Mohamed Diab’s CLASH, Egypt’s Street Protest Drama, to Open in Theaters August 25 | Trailer

CLASH

Mohamed Diab’s CLASH, a film set entirely within the confines of a police van in Cairo, Egypt, two years after the Arab Spring, will get a release in the US beginning late August, 2017.

An official selection at Cannes, London, Cairo, and Palm Springs film festivals, among others, CLASH will open at New York’s Village East Cinema on Friday, August 25, 2017, before a national rollout during the fall.

Dramatizing the mass protests and political unrest after the ouster of Islamist President Mohamed Morsi by the Egyptian army, CLASH takes viewers inside a society struggling with violent street protests – and in a state of chaotic breakdown.

Stuck together in a small moving cell, journalists, elderly men and women, teenagers, and demonstrators from opposing political, ideological and religious affiliations, are forced to work together in order to face police brutality and stifling heat.
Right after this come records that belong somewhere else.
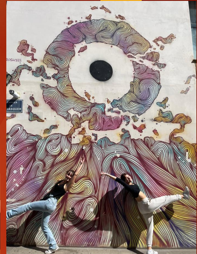
La alegría se transmite a través de las sonrisas
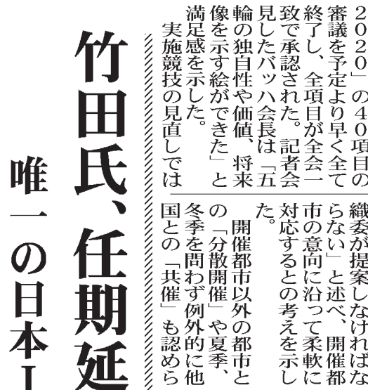
国際オリンピック委員会（IOC）の竹田恒和委員

【共同】国際オリンピック委員会（IOC）の竹田恒和委員は、8日の臨時総会で、中期改革「五輪アジェンダ2020」の40項目を満場一致で可決させた。竹田委員は「重要な意味がある」と強調し、日本オリンピック委員会（JOC）の竹田恒和会長は「暖かな部分を残して柔軟性を持たせるのがバツハ流」と評した。
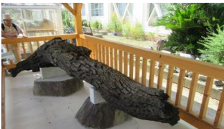
70万年前の埋もれ木
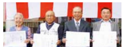
8020コンクール上位8人
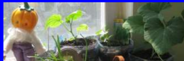
Мини-огороды на окне

Природная среда, обладающая эстетическими свойствами и качествами, позволяет развивать у детей эстетическое восприятие, представления; формировать эстетическое отношение к окружающему
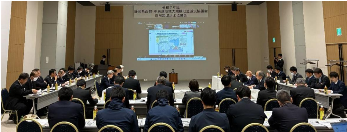
写真 会議の様子（会場）
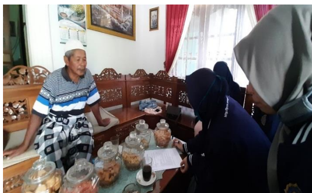
Gambar 3. Pengukuran Pemahaman Masyarakat

Keempat , aktivitas terakhir yang dilakukan adalah pengukuran pemahaman masyarakat tentang zakat hasil pertanian. Tim membuat kuesioner yang terdiri dari 10 pertanyaan untuk dijawab oleh masyarakat. Penyebaran kuesioner dilakukan dengan cara mendatangi setiap rumah warga. Aktivitas penyebaran kuesioner dapat dilihat pada Gambar 3 berikut.
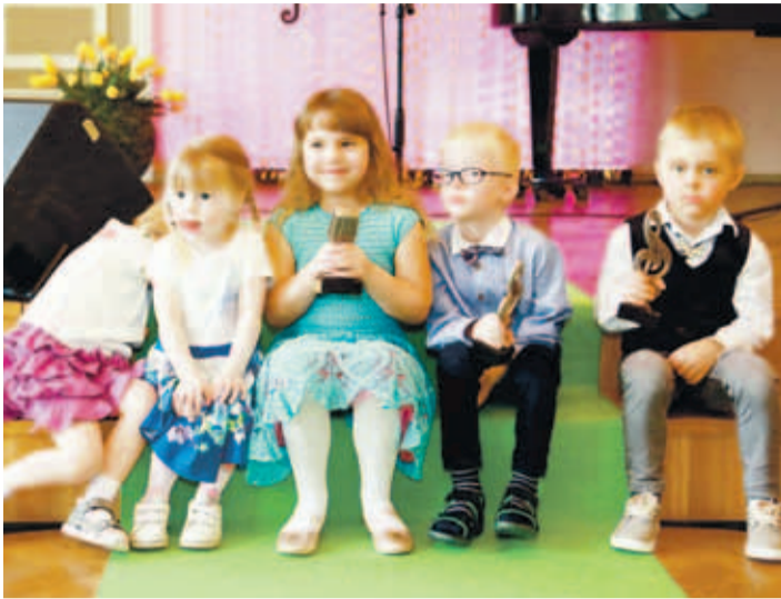
3–4- ja 5–6-aastased laululapsed.

Furthermore, as the general public grows increasingly angry and threatens to harm the police (and even those arrested by them, often mistaking diverse groups as a single enemy faction), it becomes pressing for them to find a way out. But can the detainees overcome their differences? Can Egypt build a new social order in the face of internal violence and the breakdown of its democratic institutions?